Starting at the line holding "This is a dense" and finishing at the line holding "JBL NanoTabs Main", transcribe the material exactly, keeping both ends but no pictures.

> **Data extracts**:
= = =
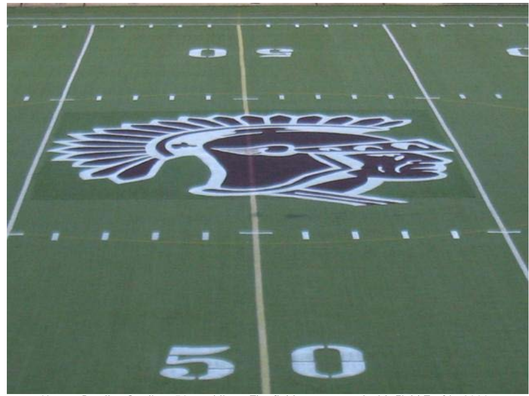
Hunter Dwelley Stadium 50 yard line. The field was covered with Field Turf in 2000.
= = =
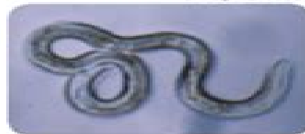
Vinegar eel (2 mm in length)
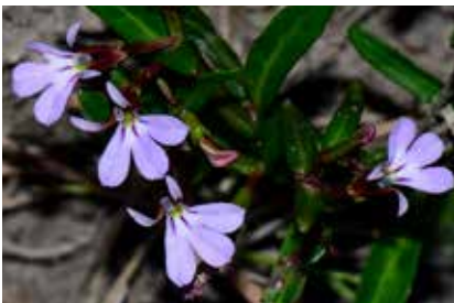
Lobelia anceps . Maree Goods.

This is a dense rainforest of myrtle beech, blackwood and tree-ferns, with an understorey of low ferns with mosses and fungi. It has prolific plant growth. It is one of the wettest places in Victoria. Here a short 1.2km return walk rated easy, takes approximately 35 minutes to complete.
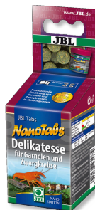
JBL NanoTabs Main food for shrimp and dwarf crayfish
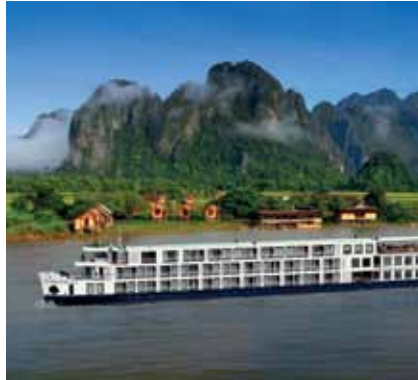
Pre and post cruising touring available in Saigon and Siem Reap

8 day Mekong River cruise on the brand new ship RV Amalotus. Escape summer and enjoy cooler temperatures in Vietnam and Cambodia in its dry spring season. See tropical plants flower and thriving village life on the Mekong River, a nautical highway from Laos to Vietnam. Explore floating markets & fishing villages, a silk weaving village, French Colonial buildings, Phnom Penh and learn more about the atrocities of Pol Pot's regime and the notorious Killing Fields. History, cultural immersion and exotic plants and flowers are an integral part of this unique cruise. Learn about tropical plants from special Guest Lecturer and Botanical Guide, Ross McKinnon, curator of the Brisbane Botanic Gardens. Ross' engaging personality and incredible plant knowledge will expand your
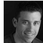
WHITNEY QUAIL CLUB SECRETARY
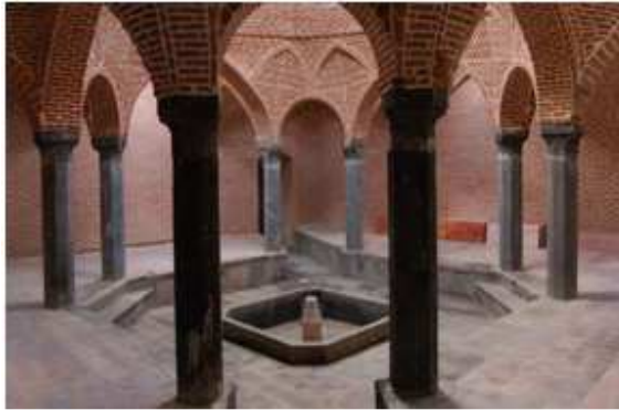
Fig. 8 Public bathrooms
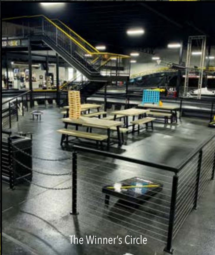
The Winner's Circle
= = =
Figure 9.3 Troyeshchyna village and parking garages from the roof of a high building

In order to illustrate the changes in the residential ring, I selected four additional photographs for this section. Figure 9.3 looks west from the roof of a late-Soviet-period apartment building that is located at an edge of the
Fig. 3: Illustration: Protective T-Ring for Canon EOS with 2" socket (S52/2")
= = =
> **Exercise answer**:
This is a dense rainforest of myrtle beech, blackwood and tree-ferns, with an understorey of low ferns with mosses and fungi. It has prolific plant growth. It is one of the wettest places in Victoria. Here a short 1.2km return walk rated easy, takes approximately 35 minutes to complete.
JBL NanoTabs Main food for shrimp and dwarf crayfish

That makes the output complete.